Download or read book Persuasive Acts written by Shari Stenberg and published by University of Pittsburgh Press. This book was released on 2020-03-03 with total page 455 pages. Available in PDF, EPUB and Kindle. Book excerpt: In June 2015, Bree Newsome scaled the flagpole in front of South Carolina’s state capitol and removed the Confederate flag. The following month, the Confederate flag was permanently removed from the state capitol. Newsome is a compelling example of a twenty-first-century woman rhetor, along with bloggers, writers, politicians, activists, artists, and everyday social media users, who give new meaning to Aristotle’s ubiquitous definition of rhetoric as the discovery of the “available means of persuasion.” Women’s persuasive acts from the first two decades of the twenty-first century include new technologies and repurposed old ones, engaged not only to persuade, but also to tell their stories, to sponsor change, and to challenge cultural forces that repress and oppress. Persuasive Acts: Women’s Rhetorics in the Twenty-First Century gathers an expansive array of voices and texts from well-known figures including Hillary Rodham Clinton, Malala Yousafzai, Michelle Obama, Lindy West, Sonia Sotomayor, and Chimamanda Ngozi Adichie, so that readers may converse with them, and build rhetorics of their own. Editors Shari J. Stenberg and Charlotte Hogg have complied timely and provocative rhetorics that represent critical issues and rhetorical affordances of the twenty-first century.
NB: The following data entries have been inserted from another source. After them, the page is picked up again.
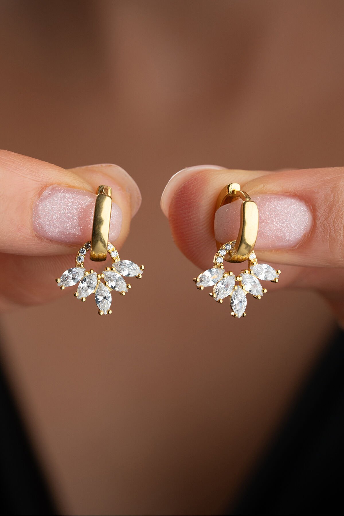 925 Ayar Gümüş Mekik Taşlı Çiçek Küpe
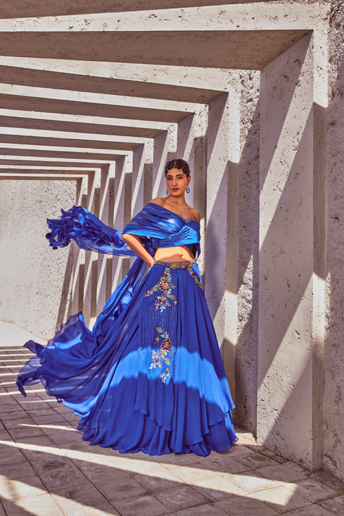 Description : The blue floor length skirt with pockets and layered blouse with its drape of alternating opaque and translucent fabric ( 3D embroidered butterfly and floral motifs on the belt and skirt ) and the trailing details all come together
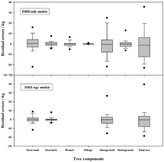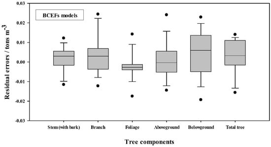 Distribution of residual errors of BCEFs model of Q. acutissima. The box plots display the whiskers, percentiles, and the mean of the predicted BCEFs errors for each tree component as well as outliers.
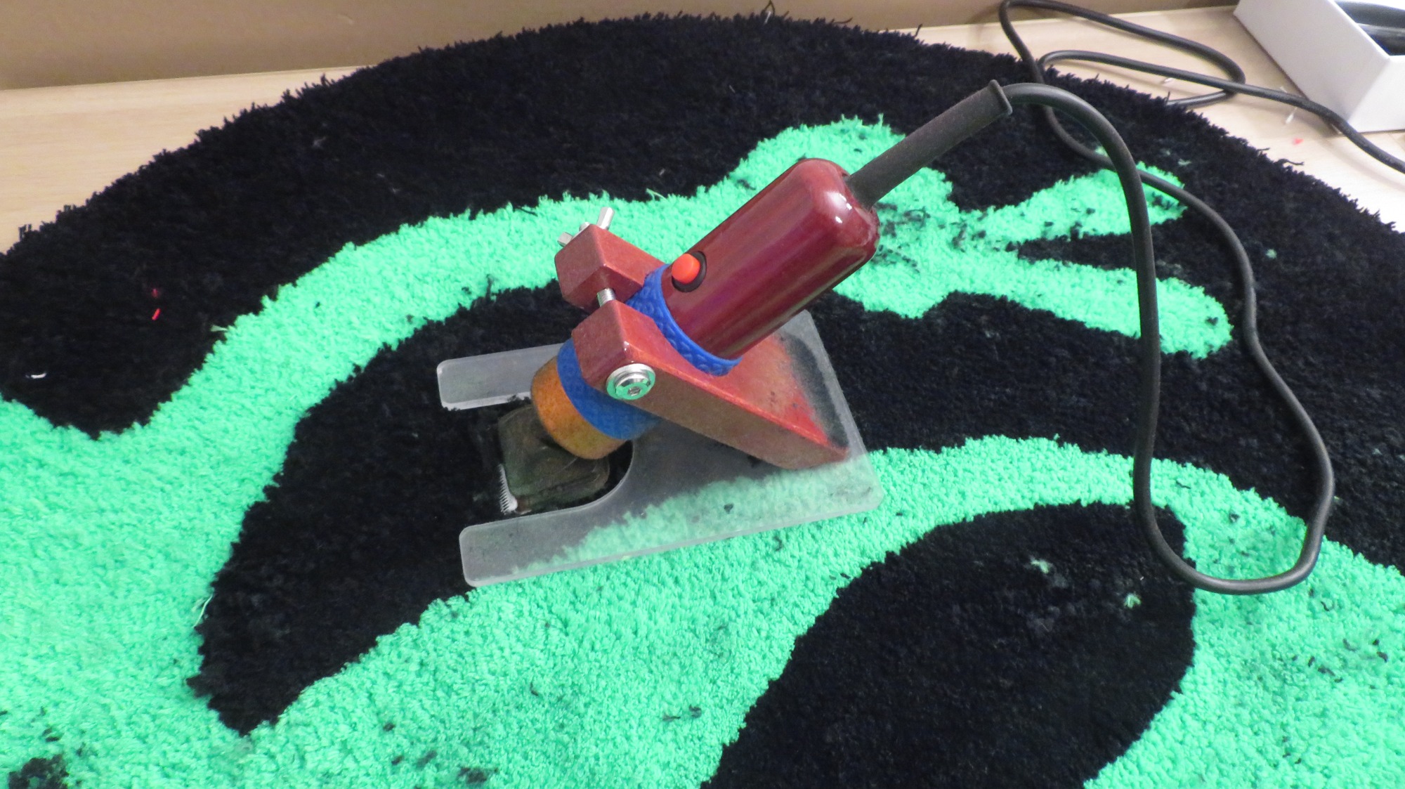 Im Jahr 2025 habe ich begonnen, mich mit der Herstellung von Teppichen im Tufting-Verfahren zu beschäftigen. Für mich ist die Kombination Handarbeit/Maschinenunterstützung sehr interessant. Formen, Farben sind hier kaum Grenzen gesetzt, auch kann hier mit unterschiedlichen Florhöhen experimentiert werden. Demnächst werde ich mich mit dem Thema „Teppichschnitzen“, das heißt: Herausarbeiten von 3D Effekten, beschäftigen. Bin auf das Ergebnis gespannt. Natürlich wird beim handgeführten Tufting jeder Teppich ein Unikat und ist nicht reproduzierbar.
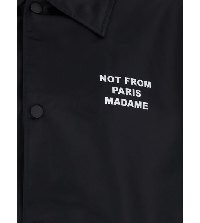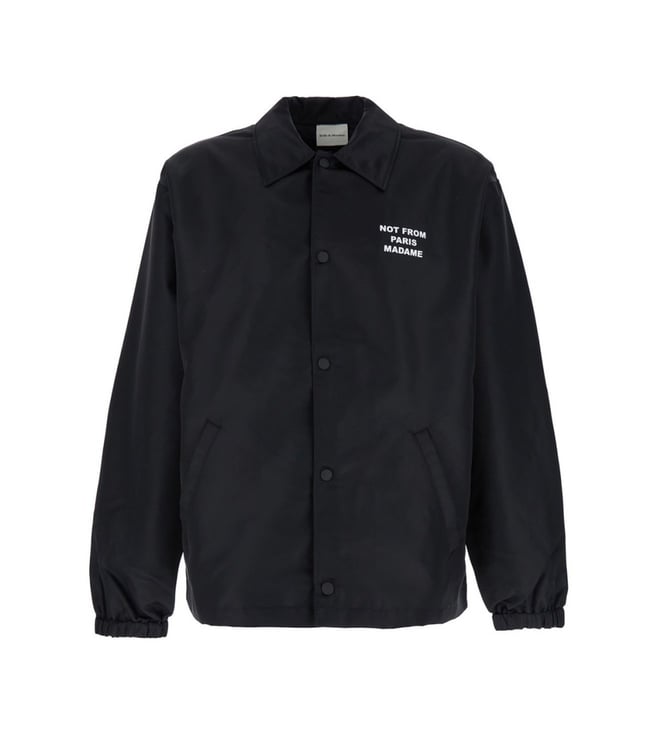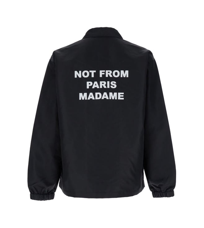 Elevate your style with the Drole De Monsieur Black Typography Regular Fit Jacket. Jacket classic collar long sleeves front buttons fastening mini front logo maxi front logo two front welt pockets elastic cuffs black techno fabric regular fit. Products purchased from Darveys are supported exclusively by the warranty/exchange policies of Darveys and its partner boutiques. Brand owners and their channel partners are not responsible for exchange/warranty services for items purchased through Darveys.
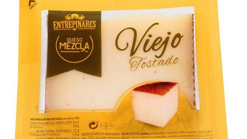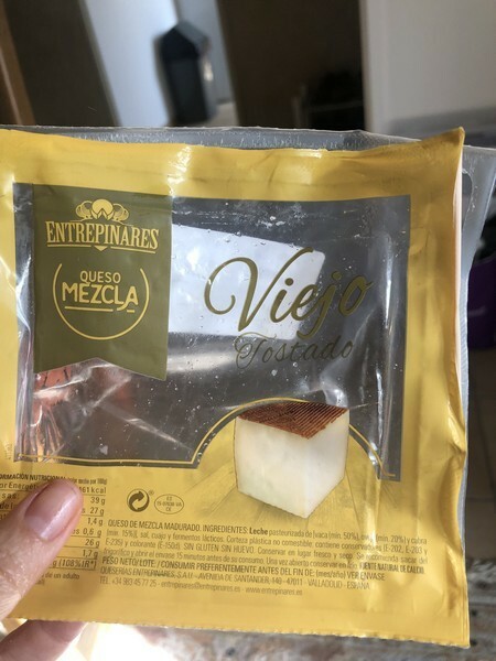 Ambos quesos son curados. El primero, de Lidl: queso al ajo negro. Sorprendente. Y el segundo, Queso tostado viejo Entrepinares, de Mercadona, ha ganado un premio a uno de los mejores quesos de España este 2018. Por eso ahora está siempre agotado.. mirad foto que le hice el otro día al lineal de Mercadona:
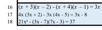 16) (x+3)(x-2)-(x+4)(x-1)=3x
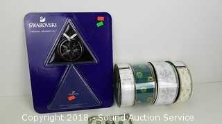 Swarovski 2017 Ornament Annual edition crystal ornament - sealed package, & 4 Wire edge roll of ribbon - 50 yard rolls.
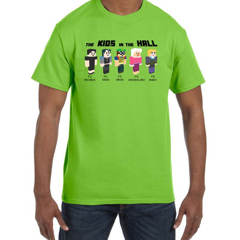 Music This T-shirt from the Kids in the Hall’s recent tour is awesome Jul 7, 2015 FacebookTwitterPinterestWhatsAppLinkedinReddItEmailPrint T-shirt from the Kids in the Hall’s recent tour that shows 5 KITH characters as Minecraft avatars.

Book The Rhetoric of Oil in the Twenty First Century

Download or read book The Rhetoric of Oil in the Twenty First Century written by Heather Graves and published by Routledge. This book was released on 2019-04-05 with total page 306 pages. Available in PDF, EPUB and Kindle. Book excerpt: This book examines mass communication and civic participation in the age of oil, analyzing the rhetorical and discursive ways that governments and corporations shape public opinion and public policy and activists attempt to reframe public debates to resist corporate framing. In the twenty-first century, oil has become a subject of civic deliberation. Environmental concerns have intensified, questions of indigenous rights have arisen, and private and public investment in energy companies has become open to deliberation. International contributors use local events as a starting point to explore larger issues associated with oil-dependent societies and cultures. This interdisciplinary collection synthesizes work in the energy humanities, rhetorical studies and environmental studies to analyze the global discourse of oil from the start of the twentieth century into the era of transnational corporations of the 21st century. This book will be a vital text for scholars in communication studies, the energy humanities and in environmental studies. Case studies are framed accessibly, and the theoretical lenses are accessible across disciplines, making it ideal for a post-graduate and advanced undergraduate audience in these fields.

Book Gertrude Stein and the Reinvention of Rhetoric

Download or read book Gertrude Stein and the Reinvention of Rhetoric written by Sharon Kirsch and published by University of Alabama Press. This book was released on 2014-11-30 with total page 176 pages. Available in PDF, EPUB and Kindle. Book excerpt: Gertrude Stein and the Reinvention of Rhetoric posits that Stein was not only an influential literary modernist, but also one of the twentieth century's preeminent rhetoricians.